Problem to work on
Return the listing exactly as it appears, but strip out the images.

Dataset section
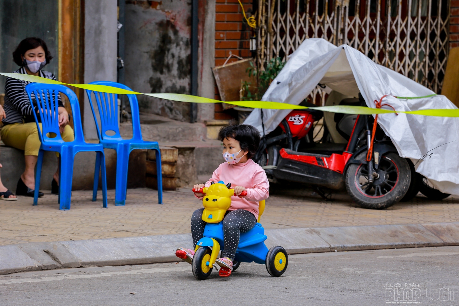 | Trẻ em trong khu cách ly ra phố Trúc Bạch vô tư chơi đùa. |
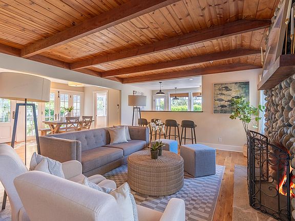 Complete bliss awaits you at this Carmel Woods paradise. An open layout and expansive windows draw in endless fresh air and natural light, blanketing the interior with infinite openness, purity, and warmth. New flooring, paint, and light fixtures enhance the ambiance and showcase the timeless, elegant design. The ground floor of this residence is designed for both convenience and comfort, featuring two spacious bedrooms that offer peaceful retreats for family or guests. The entire second story is dedicated to the massive primary suite that boasts vaulted ceilings and has its own bathroom, living room, office/dining area, and fireplace - a true sanctuary offering the utmost in privacy and luxury. The unbeatable Carmel Woods location provides access to Carmel's coveted schools and strikes a life balance unlike any other: lost in the woods just enough to provide a serene escape, yet still only a 15-minute walk away from the riches of Carmel's vibrant downtown.
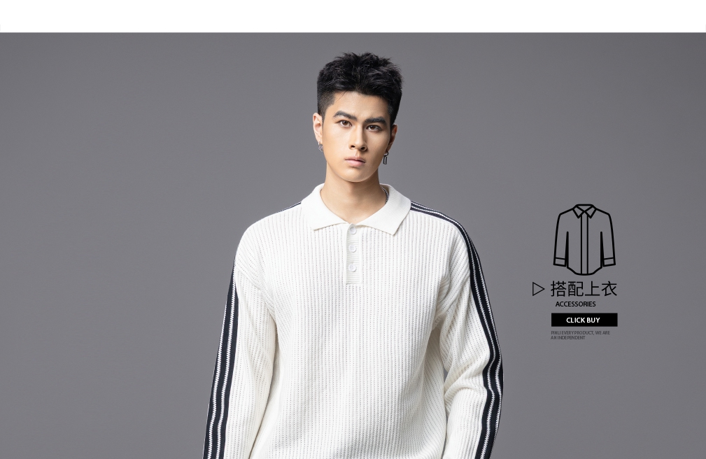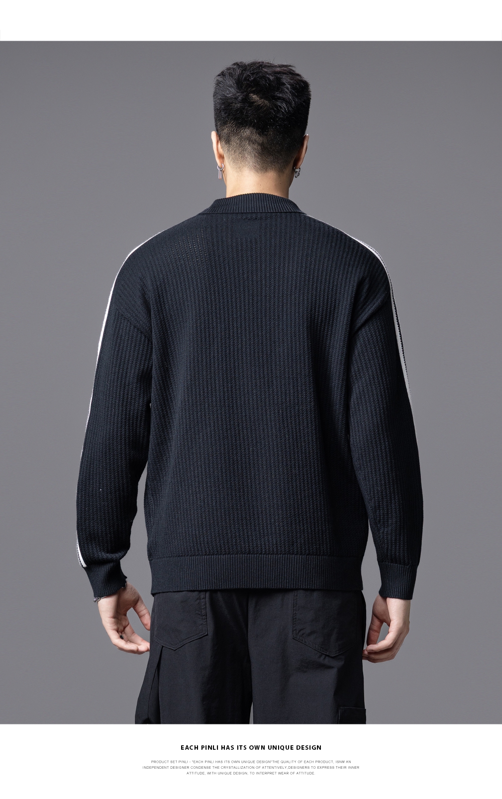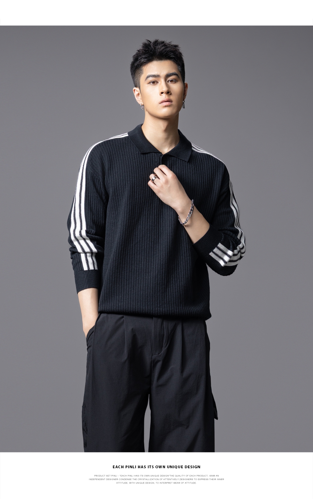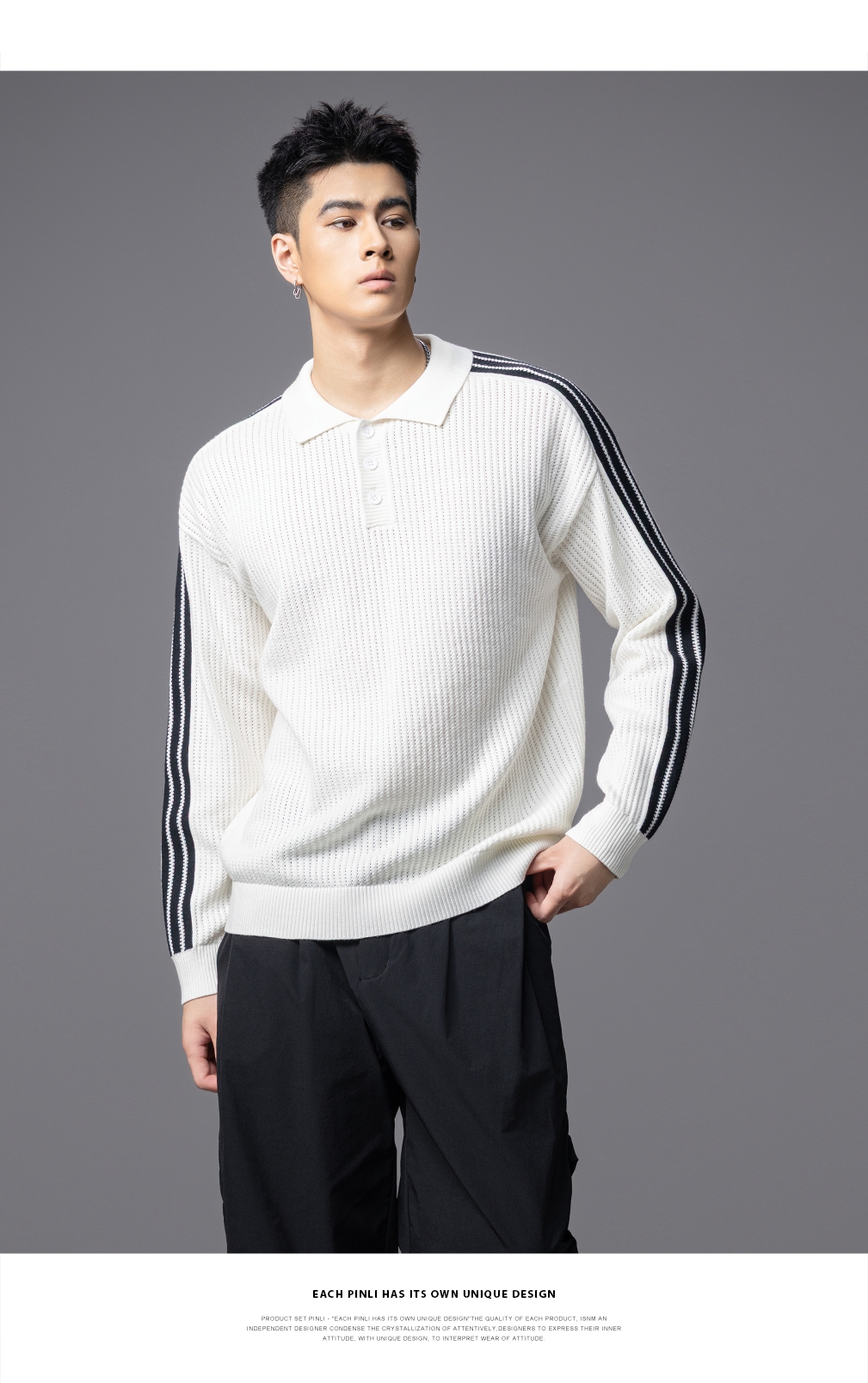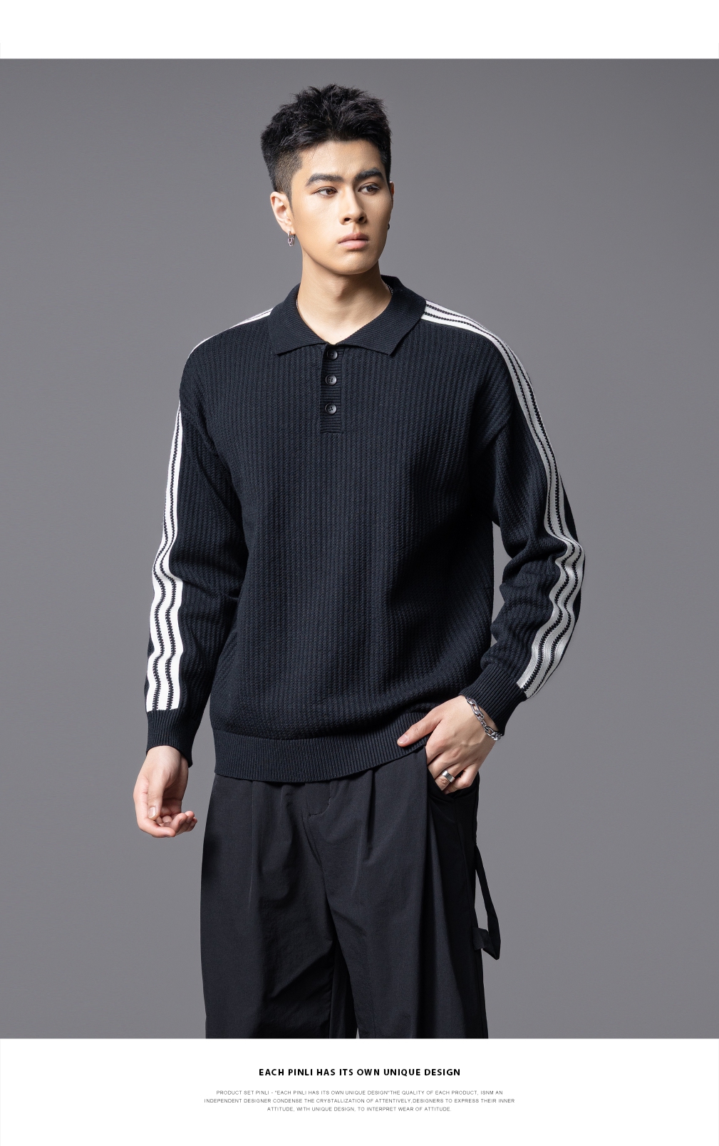 PINLI品立2025秋季新款POLO领宽松毛衣男潮牌休闲翻领条纹针织衫GD253110133

Solution
 | Trẻ em trong khu cách ly ra phố Trúc Bạch vô tư chơi đùa. |
 Complete bliss awaits you at this Carmel Woods paradise. An open layout and expansive windows draw in endless fresh air and natural light, blanketing the interior with infinite openness, purity, and warmth. New flooring, paint, and light fixtures enhance the ambiance and showcase the timeless, elegant design. The ground floor of this residence is designed for both convenience and comfort, featuring two spacious bedrooms that offer peaceful retreats for family or guests. The entire second story is dedicated to the massive primary suite that boasts vaulted ceilings and has its own bathroom, living room, office/dining area, and fireplace - a true sanctuary offering the utmost in privacy and luxury. The unbeatable Carmel Woods location provides access to Carmel's coveted schools and strikes a life balance unlike any other: lost in the woods just enough to provide a serene escape, yet still only a 15-minute walk away from the riches of Carmel's vibrant downtown.
 PINLI品立2025秋季新款POLO领宽松毛衣男潮牌休闲翻领条纹针织衫GD253110133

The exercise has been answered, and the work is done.